Your task » From the records below, print exactly the lines starting at the one containing "На въезде в" and ending at the one containing "Dinosaurs Elasmosaurus, Mosasaurus, skeletons, fossils, winged", ends included, and nothing else.

Provided data »
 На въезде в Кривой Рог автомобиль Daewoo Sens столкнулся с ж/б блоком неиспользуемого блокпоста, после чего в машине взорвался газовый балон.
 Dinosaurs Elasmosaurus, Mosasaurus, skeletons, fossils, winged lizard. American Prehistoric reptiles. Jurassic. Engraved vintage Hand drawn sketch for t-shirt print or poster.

* * *

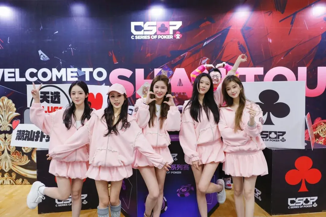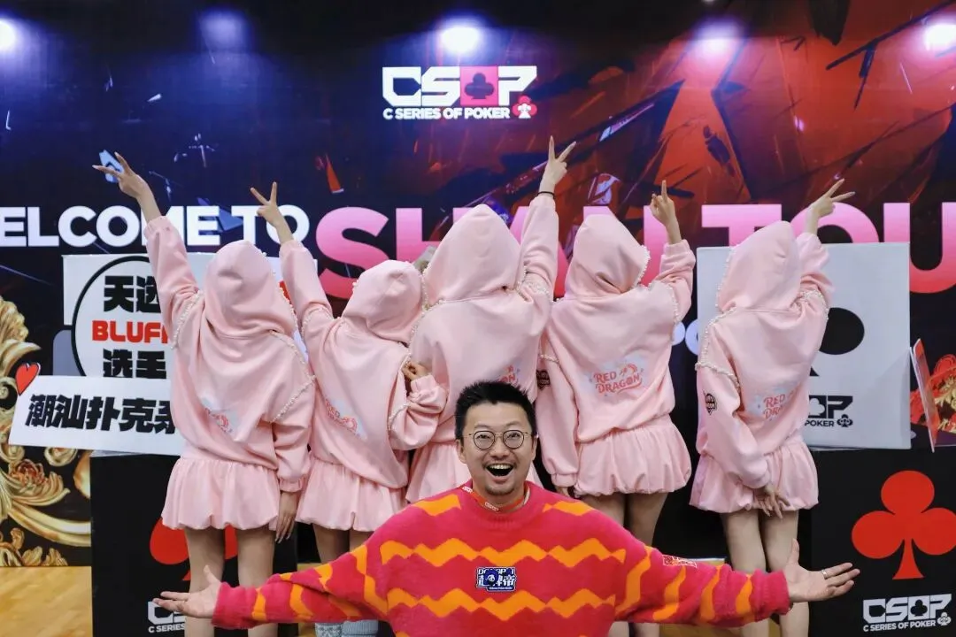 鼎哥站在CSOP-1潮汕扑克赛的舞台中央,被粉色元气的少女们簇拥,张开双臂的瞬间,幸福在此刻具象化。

Answer section »
 На въезде в Кривой Рог автомобиль Daewoo Sens столкнулся с ж/б блоком неиспользуемого блокпоста, после чего в машине взорвался газовый балон.
 Dinosaurs Elasmosaurus, Mosasaurus, skeletons, fossils, winged lizard. American Prehistoric reptiles. Jurassic. Engraved vintage Hand drawn sketch for t-shirt print or poster.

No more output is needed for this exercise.